A ação policial que resultou na morte de um adolescente de 15 anos após participação dele no roubo de um carro, na Serra, em 2014, foi o que fez o dono do clube de tiro investigado por receber armas desviadas do Exército, que também é cabo da Polícia Militar, virar réu em ação penal por homicídio.
Além de Marcos Antônio Loureiro de Souza, outros dois policiais respondem pelo mesmo crime. Embora a abordagem tenha resultado na detenção de dois dos quatro envolvidos no assalto e na recuperação do automóvel, para o Ministério Público Estadual (MPES) os militares não agiram em legítima defesa e mataram o adolescente em fuga. Um dos tiros foi na nuca.
ASSALTO E PERSEGUIÇÃO
O assalto ocorreu na noite do dia 29 de janeiro de 2014, às margens da BR 101, nas imediações do bairro Barcelona, na Serra. A perseguição policial terminou quando o carro dirigido pelos assaltantes bateu contra um barranco, no bairro Cidade Pomar. O quarto indivíduo conseguiu fugir.
TRIO POLICIAL TERIA MUDADO VERSÃO
Na denúncia oferecida pelo MPES em novembro de 2016, e aceita pela Justiça, a promotoria aponta que o trio policial mudou a versão para sustentar que a equipe apenas revidou tiros disparados pelos assaltantes após a colisão.
Essa versão, que surgiu no âmbito das apurações da Corregedoria da PM, difere da primeira, dada ainda na delegacia, quando os policiais não relataram terem sido alvo de disparos. Para o MPES, "inúmeras contradições foram apontadas" nos relatos dos militares.
Na etapa da investigação interna da PM, os policiais investigados, conforme os relatos aos quais o Gazeta Online teve acesso, não consideraram que houve contradição. Alegaram que os focos dos depoimentos colhidos deles, na delegacia e na corregedoria, eram distintos.
Os policiais atiraram 27 vezes contra o adolescente que morreu, segundo a denúncia. Quatro disparos o atingiram. Apesar de os depoimentos dos militares darem conta de que o adolescente partiu para cima deles com arma nas mãos, o rapaz recebeu um tiro na região da nuca.
Como é possível extrair dos depoimentos dos policiais, aos quais a reportagem teve acesso, o cabo Loureiro chegou a dizer que o adolescente só caiu depois que ele efetuou os últimos disparos. Em outro momento, o militar relatou que o adolescente morto pode ter sido baleado na região da nuca pelo comparsa que fugiu, acidentalmente. Não houve perícia para apontar de qual arma saíram os tiros que atingiram o rapaz.
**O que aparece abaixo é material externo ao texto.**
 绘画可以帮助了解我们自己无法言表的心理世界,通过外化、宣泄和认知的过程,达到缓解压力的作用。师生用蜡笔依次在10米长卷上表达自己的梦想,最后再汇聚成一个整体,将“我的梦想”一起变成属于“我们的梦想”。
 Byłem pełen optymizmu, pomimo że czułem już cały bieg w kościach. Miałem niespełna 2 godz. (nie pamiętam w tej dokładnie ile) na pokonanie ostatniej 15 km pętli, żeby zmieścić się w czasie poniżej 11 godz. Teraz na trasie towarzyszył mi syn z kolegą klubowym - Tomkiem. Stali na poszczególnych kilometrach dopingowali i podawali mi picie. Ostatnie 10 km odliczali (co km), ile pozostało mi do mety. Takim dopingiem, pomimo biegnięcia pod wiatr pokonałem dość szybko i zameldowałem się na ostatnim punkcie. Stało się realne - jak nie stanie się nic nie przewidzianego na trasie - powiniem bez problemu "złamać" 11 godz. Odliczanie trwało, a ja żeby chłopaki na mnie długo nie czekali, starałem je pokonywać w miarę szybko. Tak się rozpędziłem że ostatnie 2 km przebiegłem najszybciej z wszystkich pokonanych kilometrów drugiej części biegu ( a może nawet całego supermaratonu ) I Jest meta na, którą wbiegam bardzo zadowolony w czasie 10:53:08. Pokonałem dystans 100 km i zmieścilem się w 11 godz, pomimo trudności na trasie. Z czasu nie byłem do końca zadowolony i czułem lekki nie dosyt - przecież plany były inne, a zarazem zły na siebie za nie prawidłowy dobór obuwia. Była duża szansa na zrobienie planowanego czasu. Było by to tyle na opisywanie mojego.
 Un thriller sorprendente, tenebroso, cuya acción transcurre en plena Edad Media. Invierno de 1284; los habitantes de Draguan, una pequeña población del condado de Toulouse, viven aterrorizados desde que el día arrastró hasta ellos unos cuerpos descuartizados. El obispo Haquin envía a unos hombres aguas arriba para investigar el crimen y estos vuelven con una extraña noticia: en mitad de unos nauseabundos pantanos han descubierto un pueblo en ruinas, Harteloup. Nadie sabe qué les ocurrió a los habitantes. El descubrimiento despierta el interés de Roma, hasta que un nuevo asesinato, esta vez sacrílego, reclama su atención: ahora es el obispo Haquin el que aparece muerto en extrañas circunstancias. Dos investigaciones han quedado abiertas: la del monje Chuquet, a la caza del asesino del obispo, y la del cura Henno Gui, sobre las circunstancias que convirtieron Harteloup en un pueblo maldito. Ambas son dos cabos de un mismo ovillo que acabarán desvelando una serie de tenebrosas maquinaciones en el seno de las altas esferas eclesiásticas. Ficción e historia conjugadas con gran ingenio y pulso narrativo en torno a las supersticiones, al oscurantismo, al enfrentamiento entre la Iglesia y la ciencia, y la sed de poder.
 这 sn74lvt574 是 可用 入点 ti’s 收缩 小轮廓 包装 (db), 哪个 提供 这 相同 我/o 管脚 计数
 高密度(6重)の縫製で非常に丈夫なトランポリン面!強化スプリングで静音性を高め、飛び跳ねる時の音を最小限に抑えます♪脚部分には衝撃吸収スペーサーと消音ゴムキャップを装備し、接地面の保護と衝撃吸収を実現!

Ao apurar a conduta dos policiais, a Corregedoria da PM fez diligências para localizar o quarto suspeito de participação no roubo do carro. O rapaz foi apontado pelos comparsas como morador de rua. No entanto, a corregedoria descobriu, tempos depois, que ele foi morto. O corpo foi encontrado amarrado em uma árvore e queimado.
A AÇÃO FOI LEGÍTIMA, DIZ DEFESA
A defesa dos três policiais afirma que a ação dos militares foi totalmente legítima e que eles agiram para evitar injusta agressão de bandidos armados.
"Eram quatro infratores, todos armados e que, após subtraírem um veículo, entraram em confronto com a guarnição em que se encontrava o cabo Loureiro e outros militares estaduais. A ação dos militares foi legítima, uma vez que repeliram injusta agressão. E isto restará devidamente provado na instrução da ação penal", afirmou Claudius Caballero, advogado dos três policiais no processo.
A reportagem procurou a Corregedoria da Polícia Militar durante uma semana mas, até o momento, não houve retorno.
COMPRA DE ARMAS
De licença médica da PM há mais de dois anos, o cabo Marcos Antônio Loureiro de Souza atua normalmente em negócios relacionados à empresa de armas de Guerreiros, com unidades em Vila Velha e Serra.
Segundo o Ministério Público Militar (MPM), foi ele quem negociou a compra de 166 armas com Alexandre de Almerida, tenente-coronel do Exército, no Rio de Janeiro, ex-chefe do setor de fiscalização de produtos controlados. Almeida era a mais importante autoridade no controle de armamentos que circulam no Rio de Janeiro e no Espírito.
Segundo O Globo, Marcos Antônio admitiu que a loja havia recebido "armas antigas", que teriam sido recolhidas na casa do tenente-coronel Almeida e levadas para Vila Velha. Pelo material, o empresário disse ter combinado o valor de R$ 90 mil a serem pagos em 12 prestações, três delas quitadas ainda em 2018.
Marco Antônio diz ter sido informado que as armas pertenciam a um colecionador que havia morrido e que acreditava que a quantia seria entregue ao filho dele.